***** Source data *****
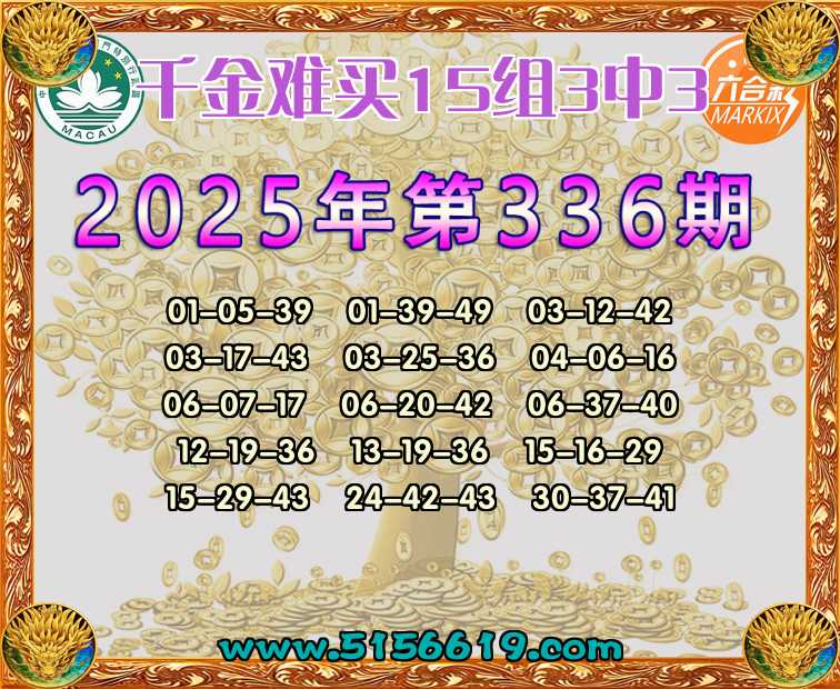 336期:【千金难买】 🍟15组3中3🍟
*****
***** Source data *****
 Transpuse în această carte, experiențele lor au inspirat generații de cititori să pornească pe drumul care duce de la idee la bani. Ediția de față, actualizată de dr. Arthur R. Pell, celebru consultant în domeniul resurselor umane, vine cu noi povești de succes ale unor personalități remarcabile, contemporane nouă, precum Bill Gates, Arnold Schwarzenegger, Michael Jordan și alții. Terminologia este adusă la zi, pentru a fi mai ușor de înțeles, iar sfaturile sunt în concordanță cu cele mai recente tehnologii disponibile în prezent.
*****
***** Source data *****
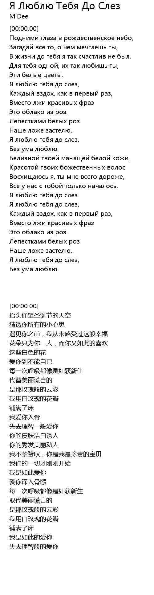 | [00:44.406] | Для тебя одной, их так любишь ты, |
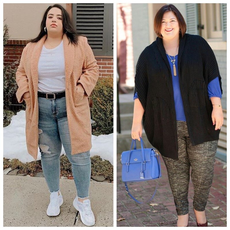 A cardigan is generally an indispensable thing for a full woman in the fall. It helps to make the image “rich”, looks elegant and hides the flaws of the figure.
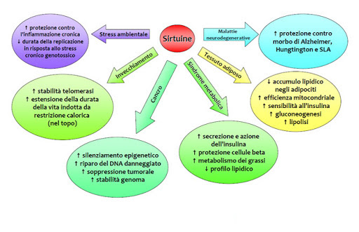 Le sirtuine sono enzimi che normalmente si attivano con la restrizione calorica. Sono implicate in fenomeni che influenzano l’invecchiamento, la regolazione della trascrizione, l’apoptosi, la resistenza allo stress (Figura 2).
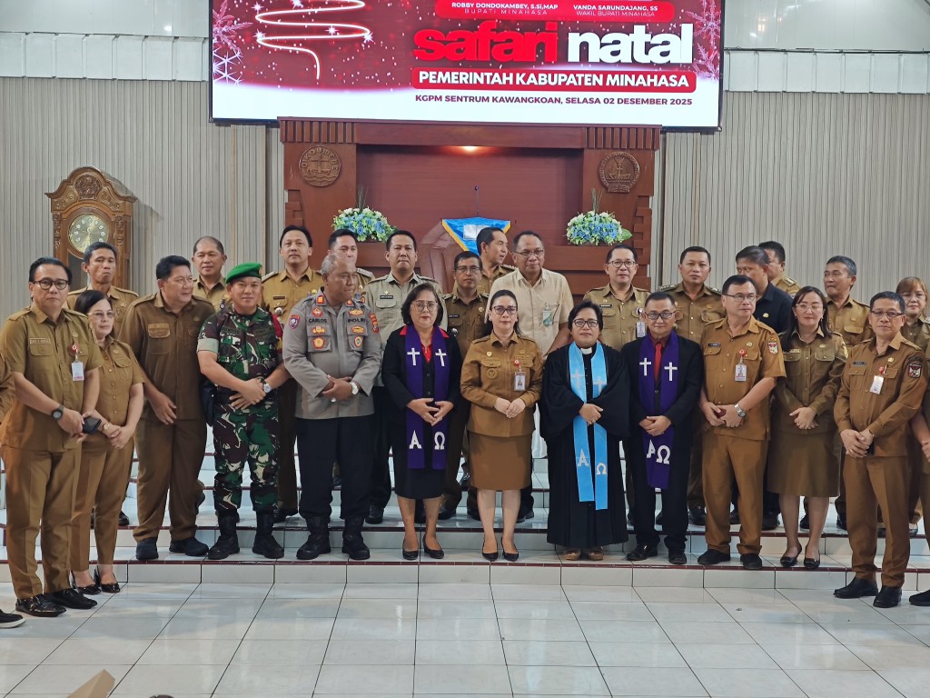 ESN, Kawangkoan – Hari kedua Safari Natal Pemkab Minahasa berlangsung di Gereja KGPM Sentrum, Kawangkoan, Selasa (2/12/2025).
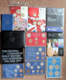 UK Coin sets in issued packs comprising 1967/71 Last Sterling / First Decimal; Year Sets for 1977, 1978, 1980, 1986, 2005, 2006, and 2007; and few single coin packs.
*****
* _Brief_: Reproduce the listing above from the line that holds "A cardigan is" through the line that holds "Le sirtuine sono", both included, with the pictures left out.

* _Response to the exercise_:
 A cardigan is generally an indispensable thing for a full woman in the fall. It helps to make the image “rich”, looks elegant and hides the flaws of the figure.
 Le sirtuine sono enzimi che normalmente si attivano con la restrizione calorica. Sono implicate in fenomeni che influenzano l’invecchiamento, la regolazione della trascrizione, l’apoptosi, la resistenza allo stress (Figura 2).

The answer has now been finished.